In the film "National Velvet," Taylor portrays a young girl living in Sussex, England, training her horse to compete in the Grand National competition. It is cited as Elizabeth Taylor’s breakout role. The film was generally received well by critics; the Guardian called the plot “fresh” and the Nation’s James Agee remarked on how she was “rapturously beautiful” even though he stated that she wasn’t a “particularly gifted actress." Remarks on Taylor’s beauty were a recurring theme. The New York Times’ Bosley Crowther commented that her “face is alive with youthful spirit, her voice has the softness of sweet song and her whole manner in this picture is one of refreshing grace." "National Velvet" was nominated for three Academy Awards and became one of the first films selected by the Library of Congress for their motion picture collection.
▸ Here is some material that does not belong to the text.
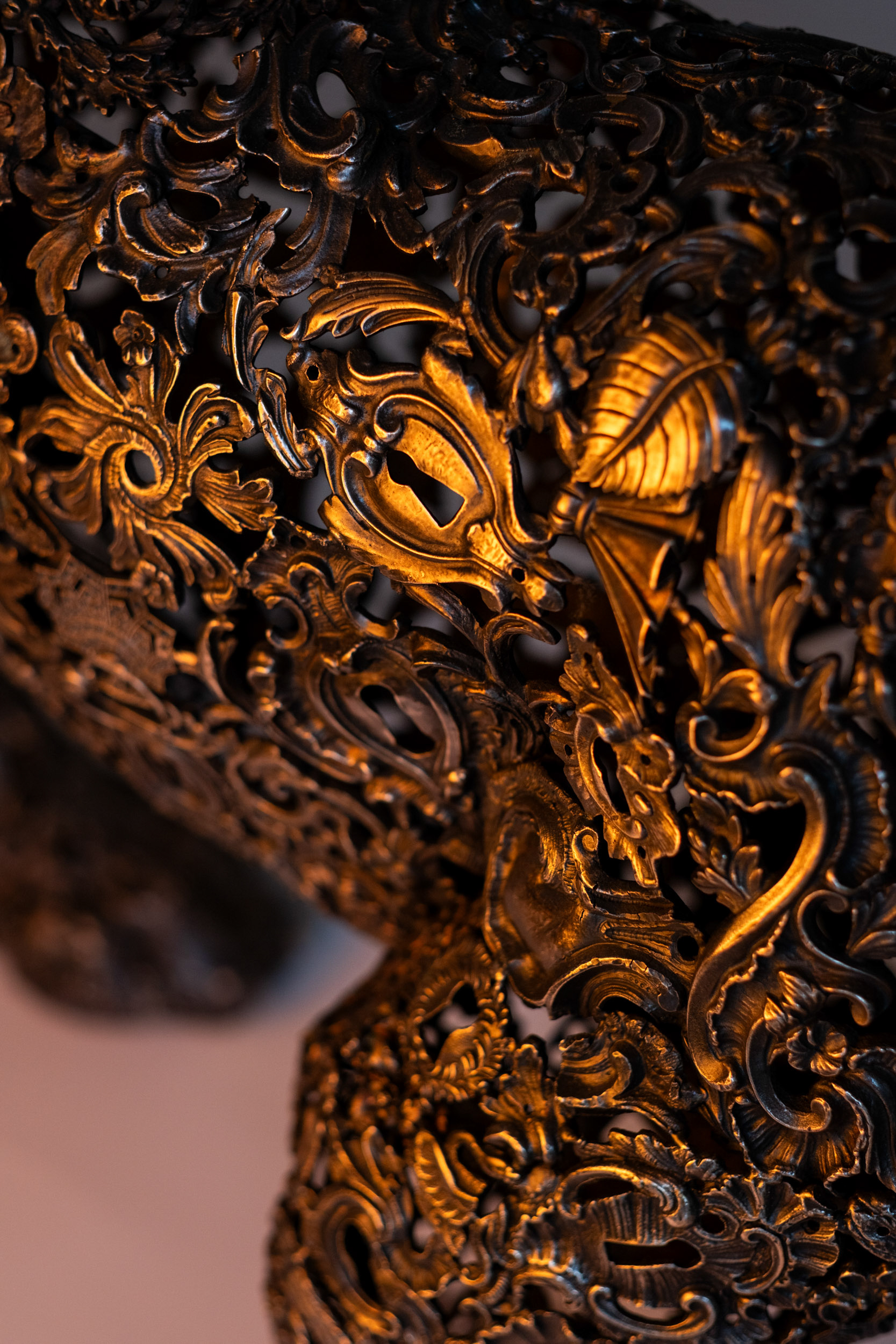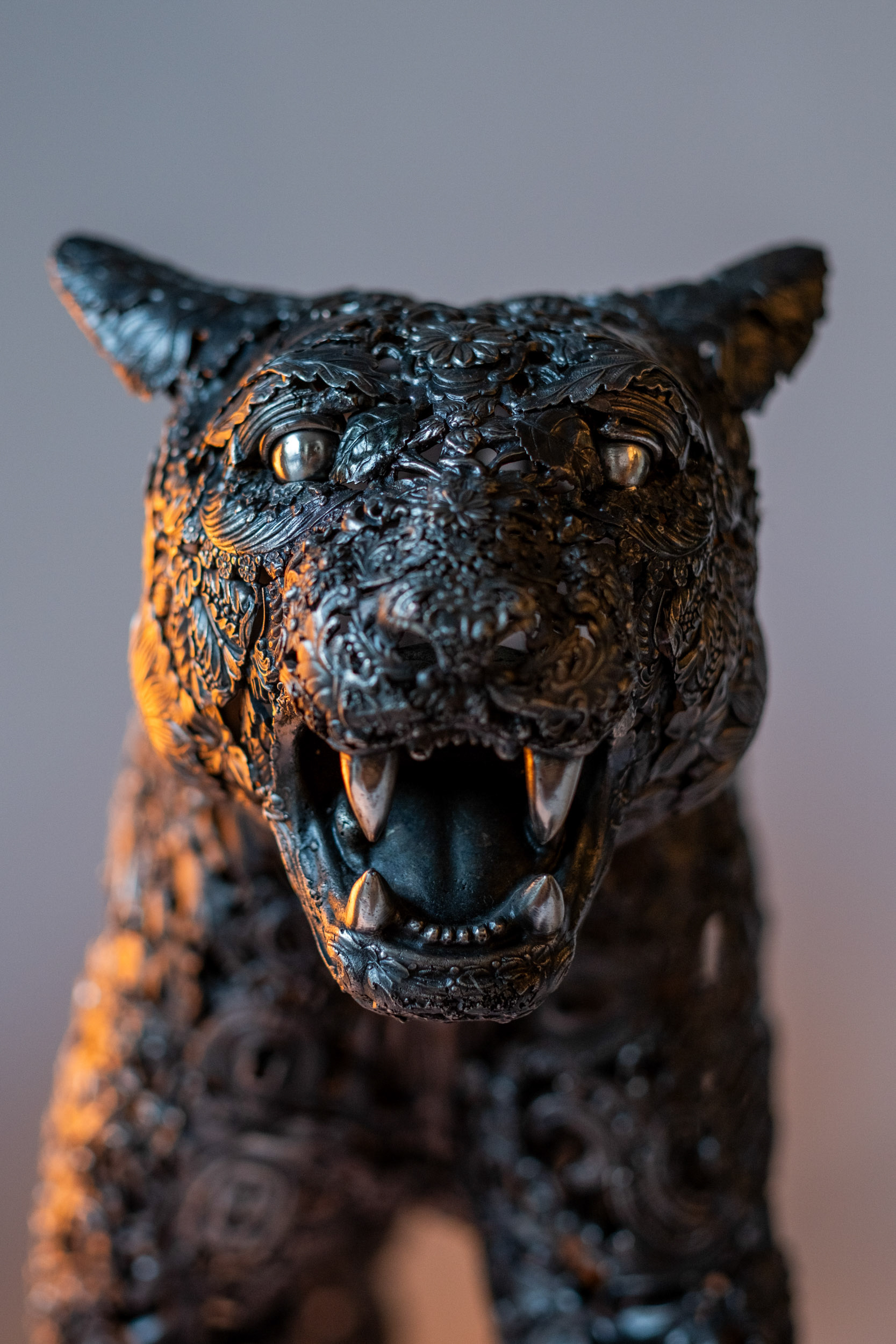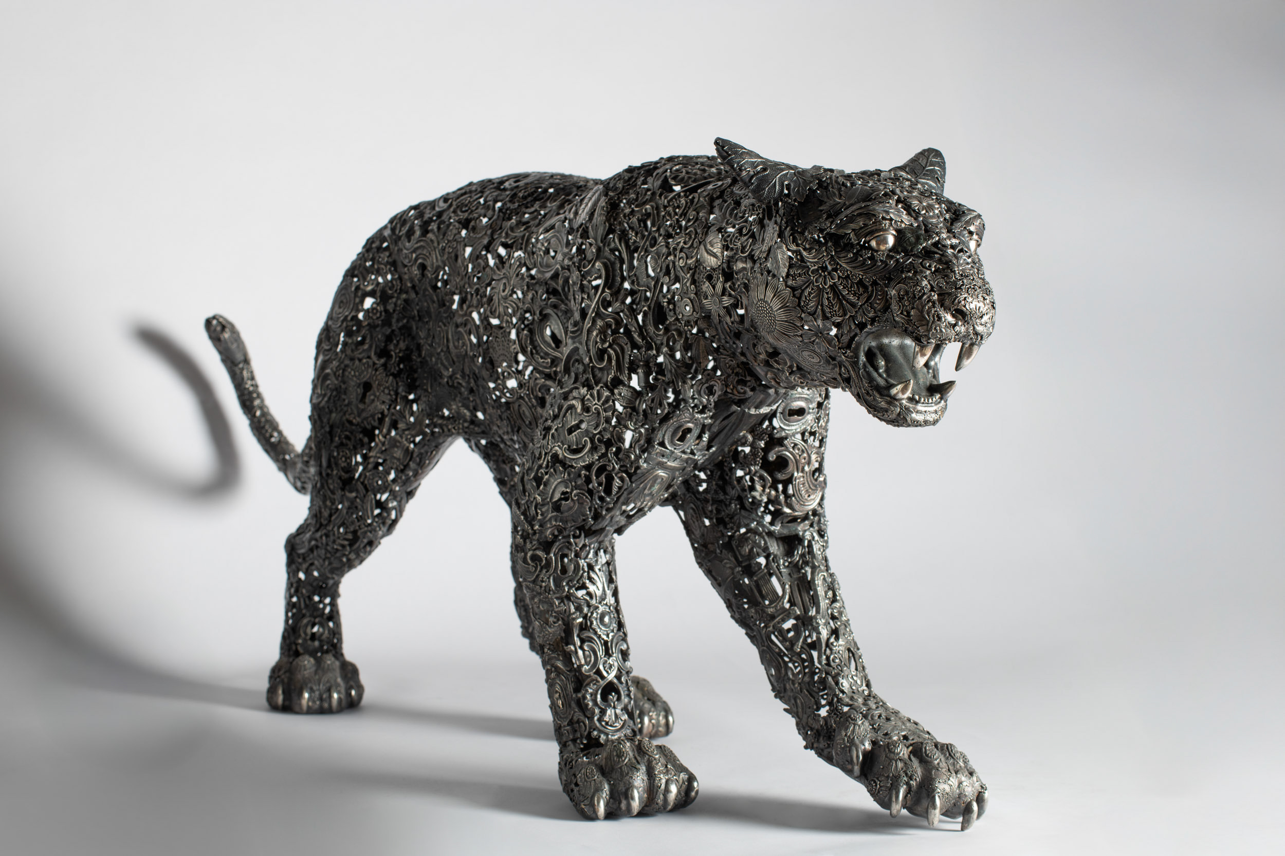 Sculpture en bronze à patine argentée Pièce unique composée d’ornements anciens

In National Velvet (the artwork), Warhol chooses to depict Taylor on black paint over a silver silk screen background as a nod to the term “silver screen.” It features a young Elizabeth Taylor in her first leading role at the age of only twelve in 1944. It shows a prepubescent Taylor, youthful and spirited, a classic symbol of virginal, rosy-cheeked beauty, instead of the seductress she is painted as after her career-changing role in the movie "Cleopatra." Her role as Cleopatra in the film "Cleopatra" in 1961 was the beginning of her commodification and sexualization by the media. Taylor had scandalous extramarital affairs with married singer Eddie Fisher and her co-star Richard Burton during its filming. That, combined with the unfavorable reception by film critics who called her too fat, her voice too thin, and her performance in "Cleopatra" altogether vulgar, marked the transformation of her public persona from child star to sex symbol.

Warhol uses the silk screen to show her transformation from woman to public property. Her public image is a mask, and the viewer is unable to see behind it to discern where the mask is and where the person begins. It is a commentary on celebrity culture which turns celebrities into a machine product, sold as commercial property. Warhol often critiqued the consumer exploitation and dispensability of fame through his portraits of public figures.

National Velvet is currently located in the San Francisco Museum of Modern Art, where it was acquired in 1993. Its sale by the Andy Warhol Foundation for the Visual Arts was contested by the Museum of Modern Art in New York. It is undisclosed how much SFMOMA paid for it, but Christie’s appraisal puts its value puts it at $1.2 million.